Apparently The Frog-pocalypse Is Still A Thing
Lost in all of the hype and hysteria and White House panels on how industry is killing bees is the last indicator species that was being doomed by non-organic pesticides: frogs.
It seems like a hundred years ago but it was only last decade that a biologist in a department at Berkeley got a friend of his, a member of the National Academy of Sciences, to hand-walk a paper on frogs past peer review and into PNAS - the Proceedings of the National Academy of Sciences.(1) The paper had no data but that wasn't a problem, screenshots were apparently enough for whoever rubber-stamps articles handed to them by members of the Academy (it's still done today - there is no way serious peer review approved a paper claiming that female-named hurricanes cause more damage because men are prejudiced against them) and because it was in PNAS, one of the most prestigious publications in the world, the environmental behemoth was mobilized, press releases went out, the New York Times dutifully rewrote them, and that got calls for the EPA to convene a special panel.
That sort of event has to be frustrating for EPA career scientists, unless they are immune to it by now.(2) Unless you are a farmer, you probably haven't heard of it but the product's name is atrazine and it has been in use since the 1950s. Because of its long-term usage, the hypothesis in 2002 was worrisome - something so prevalent damaging frogs could have been doing so for a long time.

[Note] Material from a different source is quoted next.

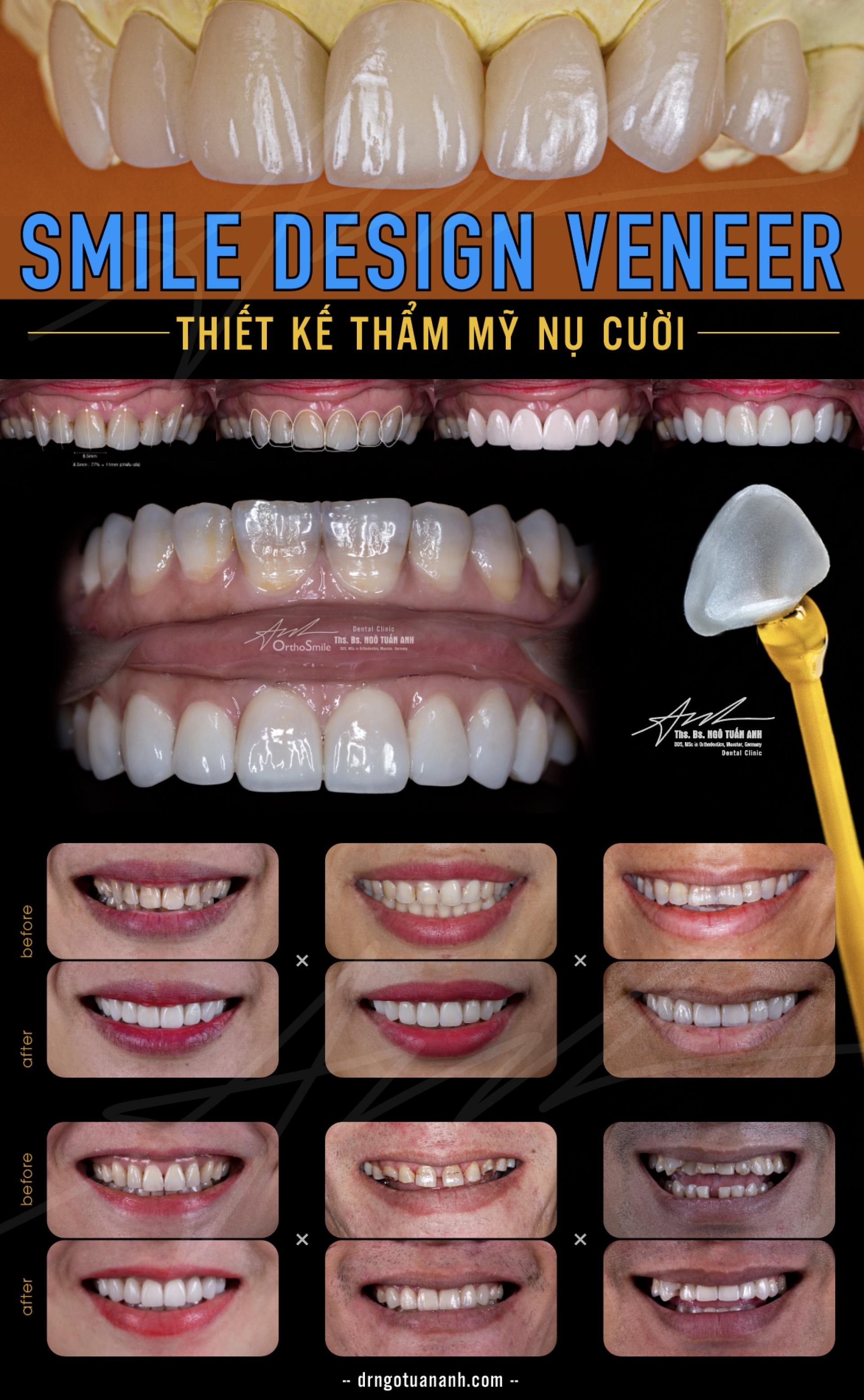 SMILE DESIGN dựa trên các thông số đánh giá tương quan giữa răng-nướu-môi-khuôn mặt của từng người để đưa ra mô phỏng (hình dạng, kích thước, vị trí) răng sứ trong tương lai.
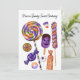 A delicious Halloween Birthday card design featuring illustrations of various Halloween candies including eyeball gumballs, gummies, striped lollipop, and swirly striped hard candy in orange, purple and black colours.

The EPA convened a special Scientific Advisory Panel, and the product was cleared, and then it also came through its ordinary reregistration, and then it got a new SAP when the Obama administration came into office. Now it is in re-registration again. That's four EPA examinations of this product just in the last dozen years. If you are wondering about the paper that got this whole thing started, the EPA could not use it because the author refused to turn over any data.(1)

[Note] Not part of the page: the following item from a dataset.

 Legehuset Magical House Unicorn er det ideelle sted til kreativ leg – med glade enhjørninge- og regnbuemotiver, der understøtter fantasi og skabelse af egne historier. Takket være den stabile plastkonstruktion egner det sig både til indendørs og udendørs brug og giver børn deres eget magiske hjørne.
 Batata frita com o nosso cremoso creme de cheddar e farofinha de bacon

But in the last few years the New York Times has been getting people into a panic about bees and neonicotinoids (and now Apple Watches) so frogs have basically been forgotten. Yet an article in Daily Caller brought it up and it was forwarded to me, since I have written on frogs and pesticides in the past (Atrazine And The Forever War On Science and 10,000 Shots Of Scotch And Why I Don't Fear Pesticides) so I wondered why this is still getting press.
Obviously some of it is because the story is so baffling that any reasonable thinker has to wonder how it happened - I get the hypothesis part and I get the political reality of convening a new SAP even though re-registration was currently happening. I don't get why 10 years later it is still being discussed except by lawyers who are looking to shake down a company for a quick settlement.

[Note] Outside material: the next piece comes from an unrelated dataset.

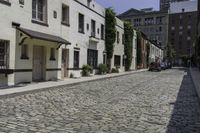 This is an image of a cobblestone path in the city's old town square. The path is lined with buildings and vegetation, creating a charming urban design. A bicycle and car can be seen on the sidewalk, adding to the lively atmosphere. The cobblestone flooring and road surface give the area a historic feel. This photo represents a residential area in the heart of the city, where old meets new in a unique blend of charm and convenience.
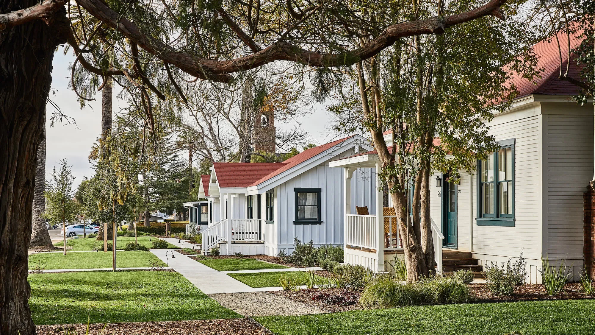 A restored stagecoach inn surrounded by a 6.5-acre property featuring gardens, fire pit hangouts, and guest cottages.

Some of it won't die because last autumn Hayes has enraged a lot of people with his behavior so they are having a laugh at his expense. In 2010, Gawker called him a "Cock-Fixated Megalomaniac Email Addict" because of his harassment and threats against employees of Syngenta, the makers of atrazine.And some is because his science was wrong. Last autumn, he had his name on a paper which found that amphibian populations in the wild were not affected by atrazine exposure. If his findings can't even be duplicated by sticking tubes full of stuff directly into the stomachs of frogs much less in the real world, that is going to bring derision.
I am not criticizing him for that, correcting your mistakes is what science is all about. Avery, writing in the Daily Caller, says Hayes won't test frogs in the real world again because he "can’t afford to disprove his theory a third time" but I hope he does keep trying to get back to quality science. He has been considered as having "the greatest potential of anyone in the field”.
Unfortunately, the only person who said that was the friend who hand-walked his paper through peer review in 2002 and created the unrealistic self-identification that prevents people in science from taking him seriously.
NOTES:
(1) We can hope it is getting better. After I criticized PNAS in the Wall Street Journal, they stated they would no longer allow paper authors to hand-select their editors.
(2) A hypothetical example of the conversation:
Politician: "This pesticide is in the New York Times, people are worried it is changing the sex organs of frogs. You need to create a special panel to look into it."
EPA Department Head: "Oh, that pesticide is in re-registration right now. We already have a group examining all of the studies on it."
Politician: "Do both. Make one a public forum where people from the NRDC can come and comment."
EPA Department Head: "You want us to convene an emergency Scientific Advisory Panel to study a product that another EPA panel is already studying as part of its regular, mandated re-registration process?"
Politician: "It's for the children."
(3) But environmentalists who fly the author, Tyrone Hayes, around on all-expenses paid junkets to say pesticides are ruining frogs continue to ignore that part. It was promoted so much that on Feb. 16th, 2005, Anne Lindsay testified before the Agriculture and Rural Development Committee of the Minnesota House of Representatives: “It has been claimed that research on frogs shows that atrazine causes changes in the production of aromatase, an enzyme that is involved in the conversion of testosterone to estrogen. It has also been claimed that other scientists have shown similar effects in other species … There is no direct scientific information to assess this hypothesis.”
In other words, the EPA wasn't buying it and they had really tried. The EPA is not exactly known for being friendly with industry, so if even they can't find a reason to be on your side, your work is pretty shoddy.